**Given data**
┌──
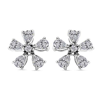 Fascinatingly alluring, these floral moissanite stud earrings adorn your ears and look. Five glistening gemstones are set on each stud, giving bright sparkle and shine. Resembling the petals of a flower, the detailed metalwork in 925 sterling silver with a rhodium overlay looks stunning. You can wear these gorgeous studs all day long to elevate the look.
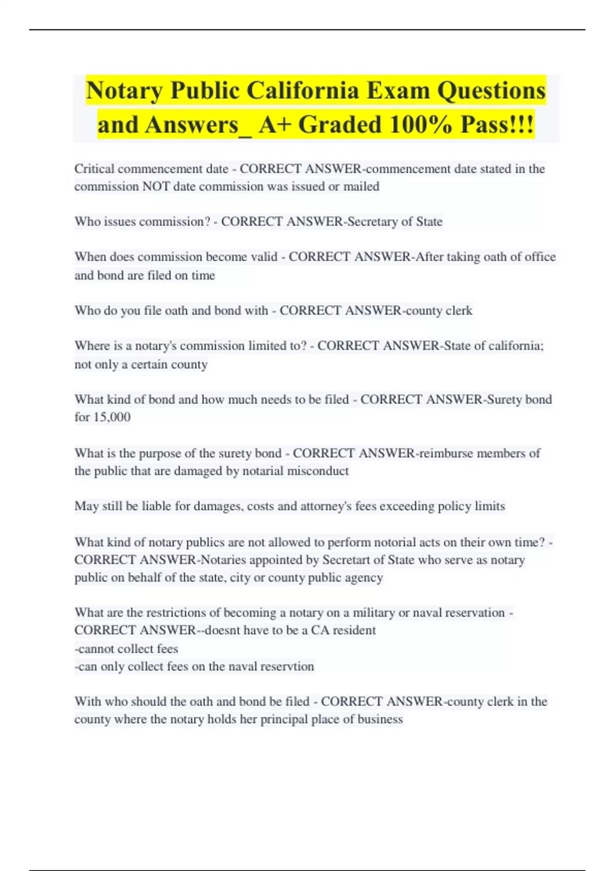 Notary Public California Exam Questions and Answers_ A+ Graded 100% Pass!!! Critical commencement date - CORRECT ANSWER-commencement date stated in the commission NOT date commission was issued or mailed Who issues commission? - CORRECT ANSWER-Secretary of State When does commission become valid - CORRECT ANSWER-After taking oath of office and bond are filed on time Who do you file oath and bond with - CORRECT ANSWER-county clerk Where is a notary's commission limited to? - CORRECT ANSWER-State of california; not only a certain county What kind of bond and how much needs to be filed - CORRECT ANSWER-Surety bond for 15,000 What is the purpose of the surety bond - CORRECT ANSWER-reimburse members of the public that are damaged by notarial misconduct May still be liable for damages, costs and attorney's fees exceeding policy limits What kind of notary publics are not allowed to perform notorial acts on their own time? - CORRECT ANSWER-Notaries appointed by Secretart of State who serve as notary public on behalf of the state, city or county public agency What are the restrictions of becoming a notary on a military or naval reservation - CORRECT ANSWER--doesnt have to be a CA resident -cannot collect fees -can only collect fees on the naval reservtion With who should the oath and bond be filed - CORRECT ANSWER-county clerk in the county where the notary holds her principal place of business How much time and who must a notary notify of an address change? - CORRECT ANSWER-Notify Secretary of State by certified mail within 30 days of changing residence or business address Fine for failing to notify of address change: - CORRECT ANSWER-$500 What are the two duties to respond to written requests - CORRECT ANSWER-1-respond in 30 days to written requests for information 2-respond in time specified when certified copies of journal are requested Can an employer request that fees be turned over to employer? - CORRECT ANSWER-yes. How many journals can a notary keep - CORRECT ANSWER-one Who can request photostatic copies of a notary's journal? - CORRECT ANSWER--any member of the general public can request to see their line item in the journal What must the request include when requesting copies of a notorial journal - CORRECT ANSWER--Name of properties -type of document -month and year the act occurred Maximum fee per page of copy requests - CORRECT ANSWER-$0.30 How long does the notary have to respond to requests for copies of the journal - CORRECT ANSWER-15 calendar days Does an employee have to permit their employer, employer's auditor or agent to inspect journal - CORRECT ANSWER-yes Who has to be present when showing employer journal - CORRECT ANSWER-the notary public How long does notary have to notify the Secretary of state of journal being taken by peace officer - CORRECT ANSWER-10 days
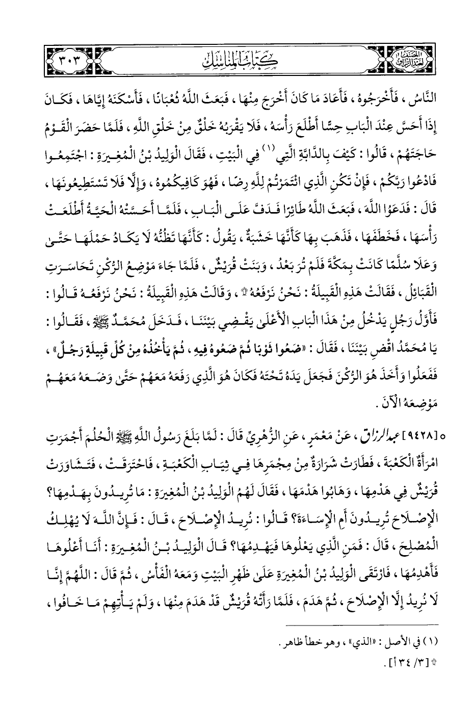 ° [٩٤٢٨] عبد الرزاق، عَنْ مَعْمَرٍ، عَنِ الزُّهْرِيِّ قَالَ: لَمَّا بَلَغَ رَسُولُ اللهِ - صلى الله عليه وسلم - الْحُلُمَ أَجْمَرَتِ امْرَأَةٌ الْكَعْبَةَ، فَطَارَتْ شَرَارَةٌ مِنْ مِجْمَرِهَا فِي ثِيَابِ الْكَعْبَةِ، فَاحْتَرَقَتْ، فَتَشَاوَرَتْ قُرَيْشٌ فِي هَدْمِهَا، وَهَابُوا هَدْمَهَا، فَقَالَ لَهُمُ الْوَلِيدُ بْنُ الْمُغِيرَةِ: مَا تُرِيدُونَ بِهَدْمِهَا؟ الْإِصْلَاحَ تُرِيدُونَ أَمِ الْإِسَاءَةَ؟ قَالُوا: نُرِيدُ الْإِصْلَاحَ، قَالَ: فَإِنَّ اللهَ لَا يُهْلِكُ الْمُصْلِحَ، قَالَ: فَمَنِ الَّذِي يَعْلُوهَا فَيَهْدِمُهَا؟ قَالَ الْوَلِيدُ بْنُ الْمُغِيرَةِ: أَنَا أَعْلُوهَا فَأَهْدِمُهَا، فَارْتَقَى الْوَلِيدُ بْنُ الْمُغِيرَةِ عَلَى ظَهْرِ الْبَيْتِ وَمَعَهُ الْفَأْسُ، ثُمَّ قَالَ: اللَّهُمَّ إِنَّا لَا نُرِيدُ إِلَّا الْإِصْلَاحَ، ثُمَّ هَدَمَ، فَلَمَّا رَأَتْهُ قُرَيْشٌ قَدْ هَدَمَ مِنْهَا، وَلَمْ يَأْتِهِمْ مَا خَافُوا،
└──
**Work request**
Down to the last line, set down the data above exactly, and omit all images.

**Your response**
 Fascinatingly alluring, these floral moissanite stud earrings adorn your ears and look. Five glistening gemstones are set on each stud, giving bright sparkle and shine. Resembling the petals of a flower, the detailed metalwork in 925 sterling silver with a rhodium overlay looks stunning. You can wear these gorgeous studs all day long to elevate the look.
 Notary Public California Exam Questions and Answers_ A+ Graded 100% Pass!!! Critical commencement date - CORRECT ANSWER-commencement date stated in the commission NOT date commission was issued or mailed Who issues commission? - CORRECT ANSWER-Secretary of State When does commission become valid - CORRECT ANSWER-After taking oath of office and bond are filed on time Who do you file oath and bond with - CORRECT ANSWER-county clerk Where is a notary's commission limited to? - CORRECT ANSWER-State of california; not only a certain county What kind of bond and how much needs to be filed - CORRECT ANSWER-Surety bond for 15,000 What is the purpose of the surety bond - CORRECT ANSWER-reimburse members of the public that are damaged by notarial misconduct May still be liable for damages, costs and attorney's fees exceeding policy limits What kind of notary publics are not allowed to perform notorial acts on their own time? - CORRECT ANSWER-Notaries appointed by Secretart of State who serve as notary public on behalf of the state, city or county public agency What are the restrictions of becoming a notary on a military or naval reservation - CORRECT ANSWER--doesnt have to be a CA resident -cannot collect fees -can only collect fees on the naval reservtion With who should the oath and bond be filed - CORRECT ANSWER-county clerk in the county where the notary holds her principal place of business How much time and who must a notary notify of an address change? - CORRECT ANSWER-Notify Secretary of State by certified mail within 30 days of changing residence or business address Fine for failing to notify of address change: - CORRECT ANSWER-$500 What are the two duties to respond to written requests - CORRECT ANSWER-1-respond in 30 days to written requests for information 2-respond in time specified when certified copies of journal are requested Can an employer request that fees be turned over to employer? - CORRECT ANSWER-yes. How many journals can a notary keep - CORRECT ANSWER-one Who can request photostatic copies of a notary's journal? - CORRECT ANSWER--any member of the general public can request to see their line item in the journal What must the request include when requesting copies of a notorial journal - CORRECT ANSWER--Name of properties -type of document -month and year the act occurred Maximum fee per page of copy requests - CORRECT ANSWER-$0.30 How long does the notary have to respond to requests for copies of the journal - CORRECT ANSWER-15 calendar days Does an employee have to permit their employer, employer's auditor or agent to inspect journal - CORRECT ANSWER-yes Who has to be present when showing employer journal - CORRECT ANSWER-the notary public How long does notary have to notify the Secretary of state of journal being taken by peace officer - CORRECT ANSWER-10 days
 ° [٩٤٢٨] عبد الرزاق، عَنْ مَعْمَرٍ، عَنِ الزُّهْرِيِّ قَالَ: لَمَّا بَلَغَ رَسُولُ اللهِ - صلى الله عليه وسلم - الْحُلُمَ أَجْمَرَتِ امْرَأَةٌ الْكَعْبَةَ، فَطَارَتْ شَرَارَةٌ مِنْ مِجْمَرِهَا فِي ثِيَابِ الْكَعْبَةِ، فَاحْتَرَقَتْ، فَتَشَاوَرَتْ قُرَيْشٌ فِي هَدْمِهَا، وَهَابُوا هَدْمَهَا، فَقَالَ لَهُمُ الْوَلِيدُ بْنُ الْمُغِيرَةِ: مَا تُرِيدُونَ بِهَدْمِهَا؟ الْإِصْلَاحَ تُرِيدُونَ أَمِ الْإِسَاءَةَ؟ قَالُوا: نُرِيدُ الْإِصْلَاحَ، قَالَ: فَإِنَّ اللهَ لَا يُهْلِكُ الْمُصْلِحَ، قَالَ: فَمَنِ الَّذِي يَعْلُوهَا فَيَهْدِمُهَا؟ قَالَ الْوَلِيدُ بْنُ الْمُغِيرَةِ: أَنَا أَعْلُوهَا فَأَهْدِمُهَا، فَارْتَقَى الْوَلِيدُ بْنُ الْمُغِيرَةِ عَلَى ظَهْرِ الْبَيْتِ وَمَعَهُ الْفَأْسُ، ثُمَّ قَالَ: اللَّهُمَّ إِنَّا لَا نُرِيدُ إِلَّا الْإِصْلَاحَ، ثُمَّ هَدَمَ، فَلَمَّا رَأَتْهُ قُرَيْشٌ قَدْ هَدَمَ مِنْهَا، وَلَمْ يَأْتِهِمْ مَا خَافُوا،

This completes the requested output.